= IEEE P80 =

IEEE standard P80 is a technical standard of the Institute of Electrical and Electronics Engineers (IEEE), governing outdoor AC substations (although under special circumstances it may also be applied to indoor AC substations). It was last approved on the 28th September, 2017. The standard governs requirements for the grounding and insulation of substations for safety purposes. The standard, along with IEEE P81, is widely used within the industry in power applications.

== Specifications ==
For AC currents at the frequency used for power grids (i.e. 50 or 60 Hz), the threshold of lethality for current passing through the human body is only 0.1 A, although this value can be much higher for short surges, or for higher frequencies. As a result, the standard recommends an emphasis on fast fault clearing time in order to reduce both the probability and duration of any potential exposure of humans to dangerous fault current.

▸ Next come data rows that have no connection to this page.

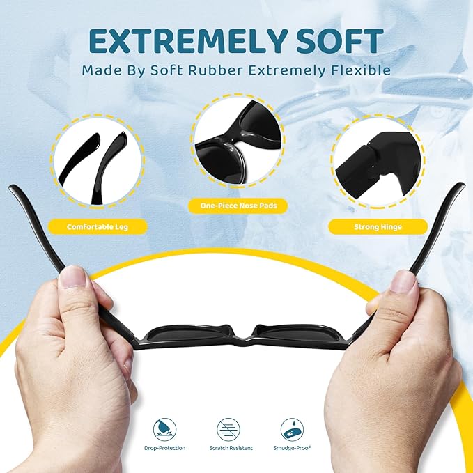 - SAFE AND COMFORTABL - RIVBOS sunglasses frame is made of soft silicone and unbreakable material, which is not easy to break, very durable, and also provides a comfortable wearing experience.
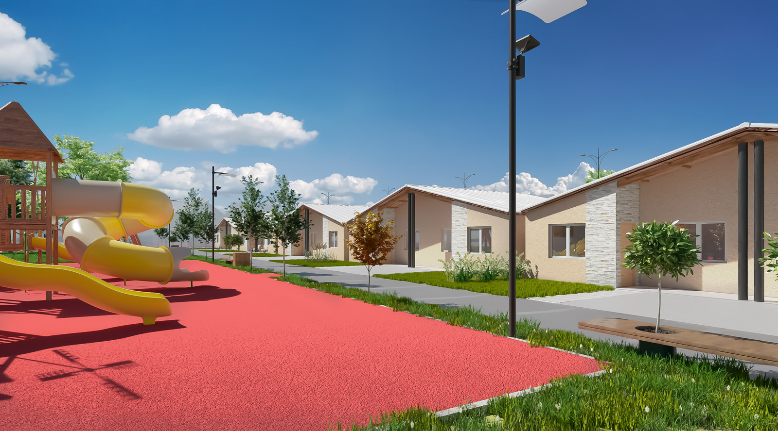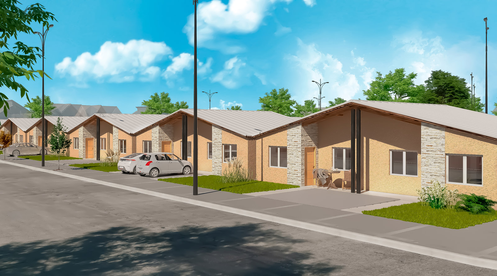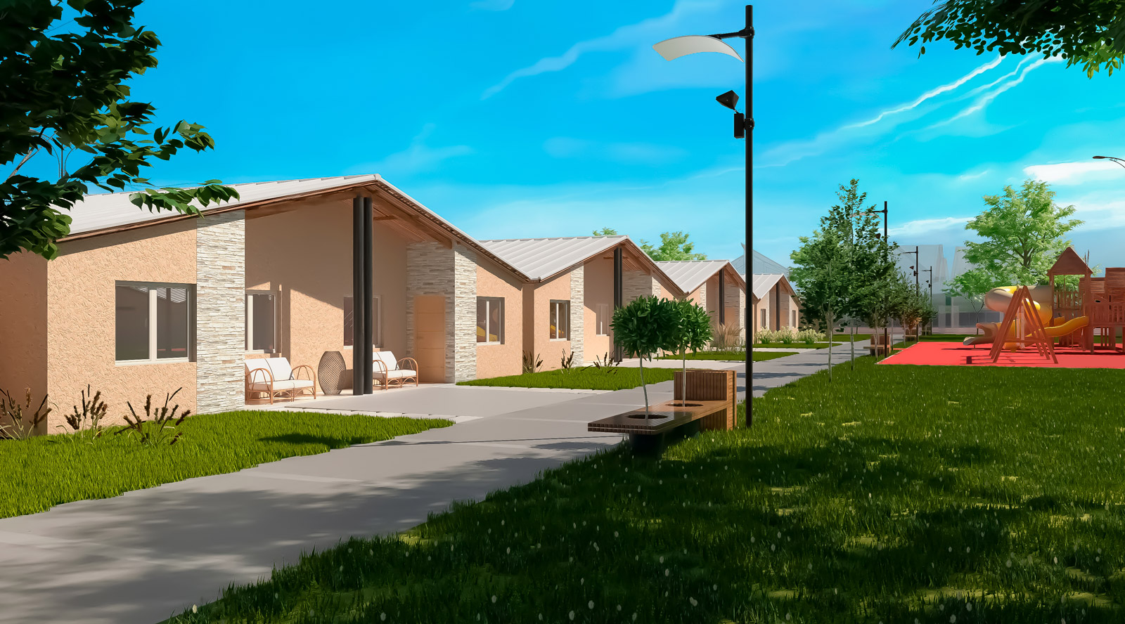 Las áreas comunes contarán con caminería iluminada, espacios verdes y zonas de recreación, comprometiéndonos con el consumo energético responsable, pensando en energías renovables, siendo sustentables tanto para el medio ambiente como para la economía de la comunidad.
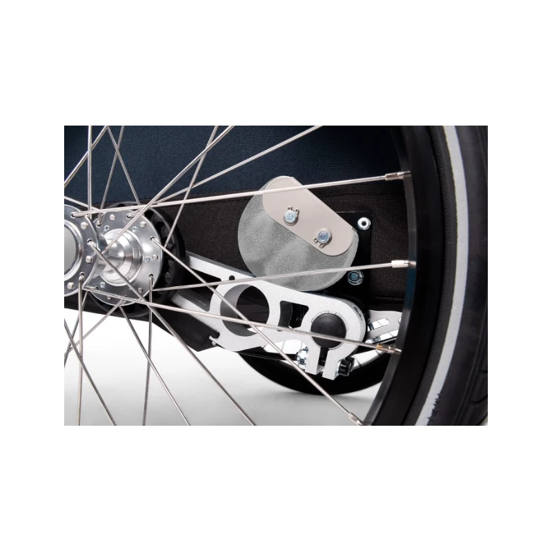 Elle est également dotée de roues 20 pouces pivotantes pour un confort otimal, ainsi que de freins pour une sécurité accrue. La remorque est facile à installer et à plier, et se replie en quelques secondes pour un rangement pratique.
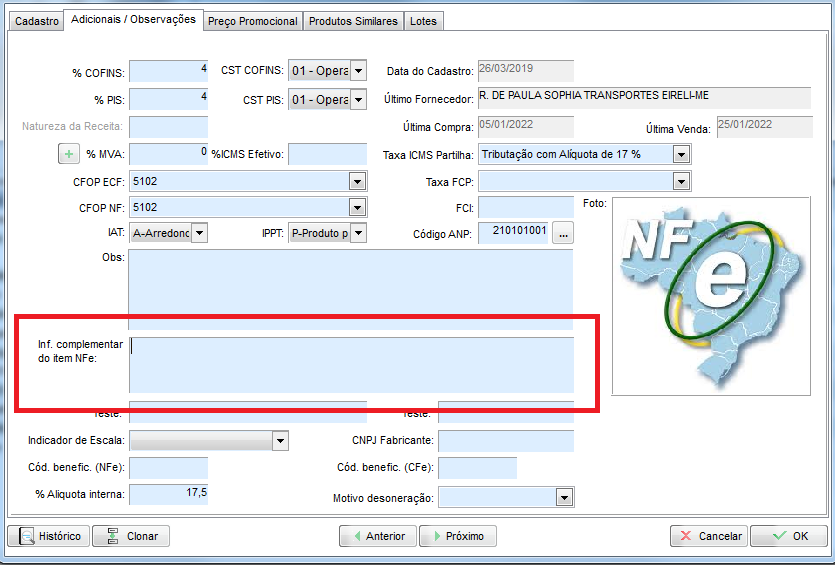 • Importar informações tributáveis do Produto - Vai importar as Informações Complementares do item na NFe, do campo abaixo:
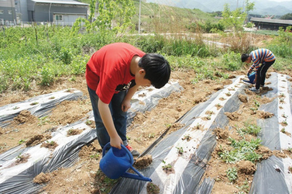 청통초등학교 학생들은 해마다 고추, 방울토마토, 상추, 고구마, 땅콩, 호박 등 다양한 작물을 심고 재배하며 수확의 보람과 즐거움을 경험하고 있다. 올해는 오이와 가지, 치커리까지 다양한 작물을 녹색 체험장에 심었다. 식물가꾸기에 참여한 학생들은 “건강하게 잘 자라라. 많이많이 열려서 다 같이 나눠 먹게.”라고 말했다.
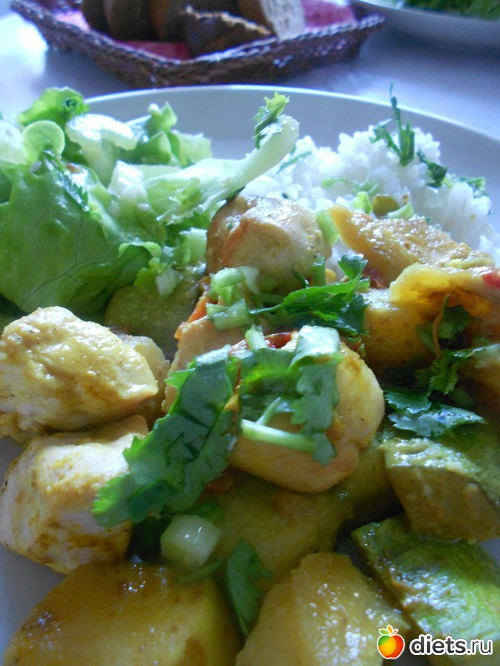 Ужин - доедали карри из курицы с яблоком и овощами, я уже без риса, только с салатными листьями:

In general, a system of horizontal grid conductors and vertical rods and electrodes is recommended. This is to reduce the aforementioned fault clearing time, as well as ensuring that there are multiple paths for a high fault current to dissipate, ensuring that ground potential gradients dangerous to those standing near the substation will not occur. An example implementation given consists of copper rods buried 0.3-0.5m below ground, and spaced 3-7m apart. In situations where space is at a premium, or other difficulties prevent the construction of a proper grounding grid, ground rods may be driven in deeper, and a wire mat may also be used.